Rosner created scores for The Odds, The Losers, Battle Creek, The Pee-Wee Herman Show on Broadway and additional music for the ABC show Forever.

Rosner is a composer for film, television, and the concert stage. His orchestral work Sugar Plum on the Run, released on Sony Classical, is a contemporary sequel to The Nutcracker and features the Royal Philharmonic Orchestra with narration by Jeremy Irons. In addition, Rosner has provided arrangements and orchestrations for organizations and artists including the San Francisco Symphony, the BBC Symphony Orchestra, and Michael Feinstein.

In addition to his work as a composer, Lior Rosner is a founding member of the electronic music collective KUMMERSPECK. The group has collaborated on recording projects with artists including Philip Glass, Blondie, and RuPaul. Music by the collective has also been featured in television and film advertising campaigns.

== Video game, trailers and commercials ==
Rosner wrote the score for Sony video games SOCOM Fight Team Bravo 3 and Syphon Filter Dark Mirror.

Rosner, a former member of X-Ray Dog, also created and music for film and television trailers including, Games Of Thrones, The Imitation Game, Paddington, Harry Potter and The Deathly Hallows, The Zoo Keeper, Yogi Bear, Jack And Jill, Speed Racer, Walk the Line, Dreamer, Atonement, and Toy Story 3.

Rosner has done music commercial brands: Mercedes Benz, Campari and Hitachi.

== Classical music works ==
Rosner is the curator of An American Renaissance, a new concert program featuring orchestral settings of songs by Florence Price and Billy Strayhorn, drawing on music from both the Harlem Renaissance and the Chicago Black Renaissance.

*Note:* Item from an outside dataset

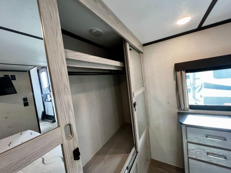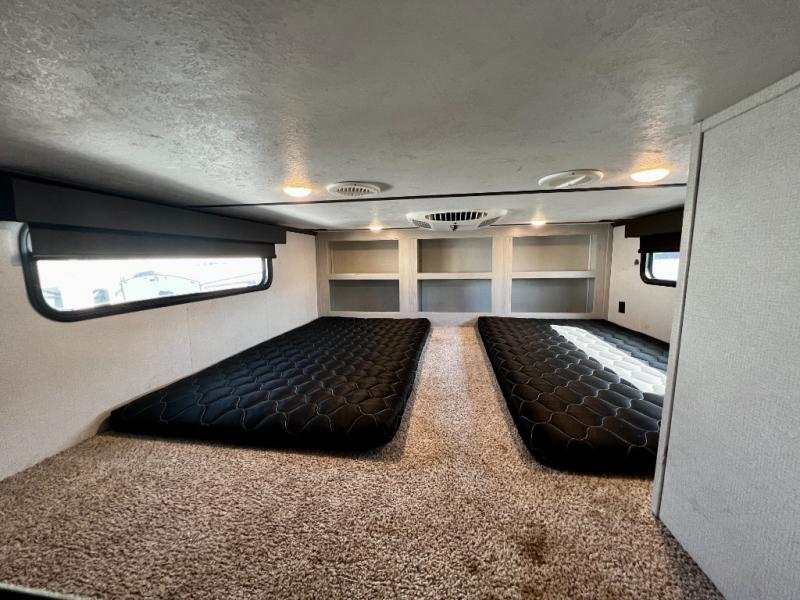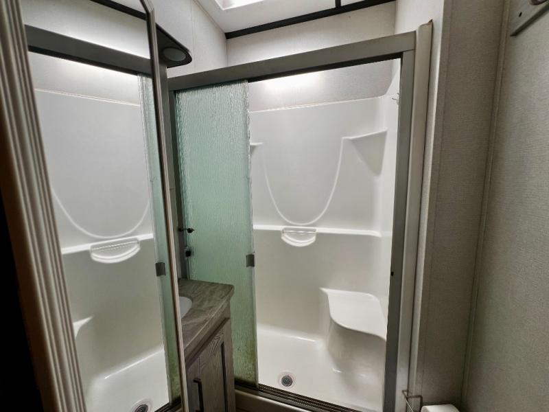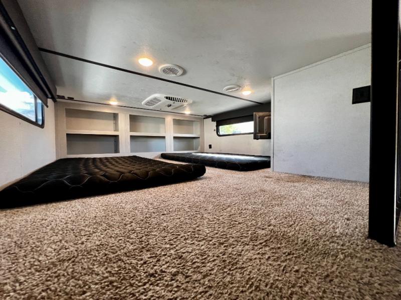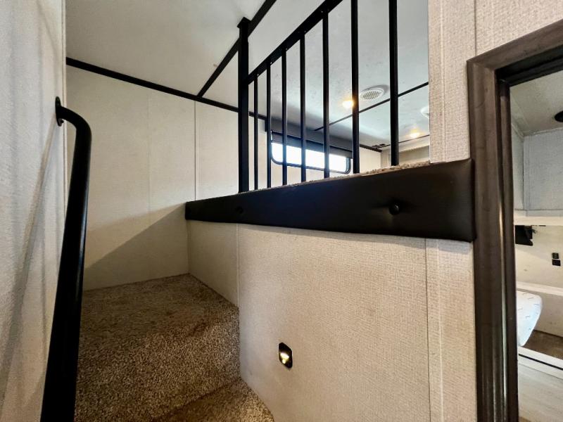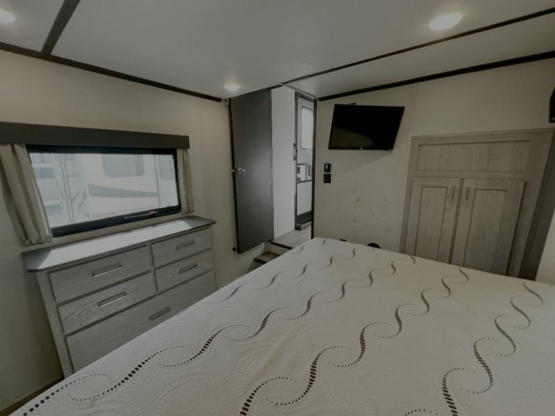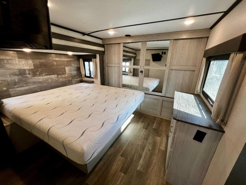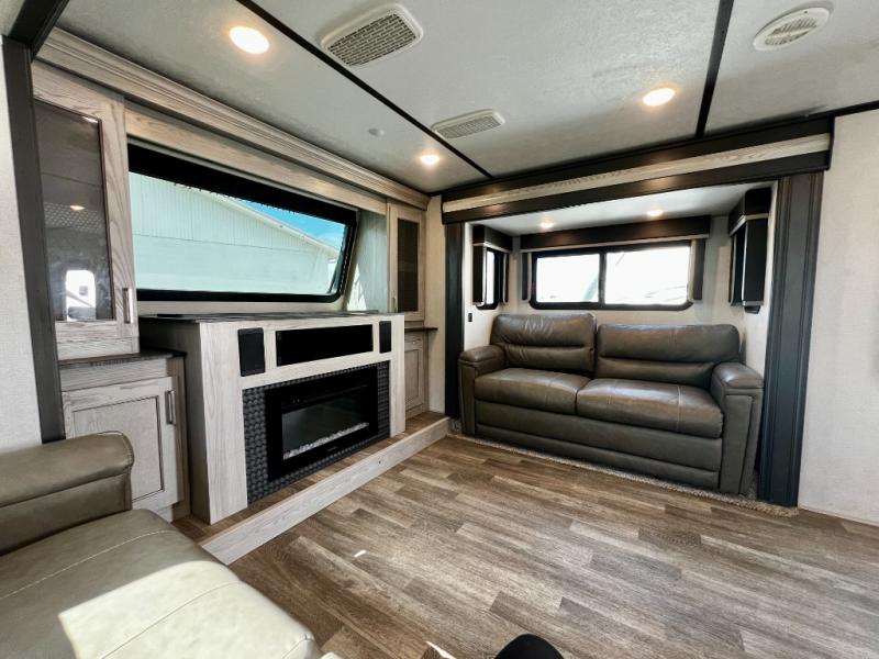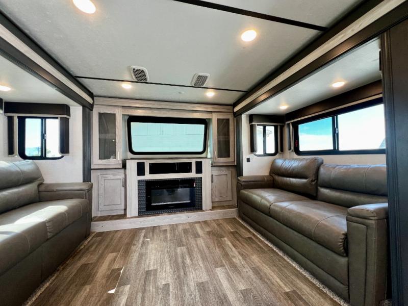 Your family will love this fifth wheel with a loft area over the rear master bedroom and the front living area which includes an entertainment center with a telescoping TV and a fireplace, a front windshield for great views, and dual opposing slides that open up the whole room for added comfort. Your guests can convert the two hide-a-bed sofas at night and you and your spouse will enjoy the rear private bedroom with a slide out queen bed. Let the chef of the family prepare breakfast on the three burner cooktop and the eggs and milk can go back in the 13 cu. ft. Dometic refrigerator. This model also features unique dual entry doors on opposite sides of the unit for added convenience, and you might like to add a few options such as a washer/dryer and a free-standing table with chairs.

In addition to his music scoring career, Rosner continues to enjoy writing classical music. His most recent recording, released on Bridge Records, is the album, Awake and Dream, featuring Soprano Janai Brugger, violinist Katia Popov (concertmaster of the Hollywood Bowl Orchestra), pianist Steven Vanhauwaert, The Hollywood Studio Symphony with Rosner as composer, conductor and pianist.,

Also released is In Time of Silver Rain, Seven Poems by Langston Hughes, also features Janai Brugger and Rosner on piano. Rosner’s classical works have been performed live in concert by the Armadillo String Quartet, the Pacific composers forum and most recently by the Kaleidoscope Orchestra.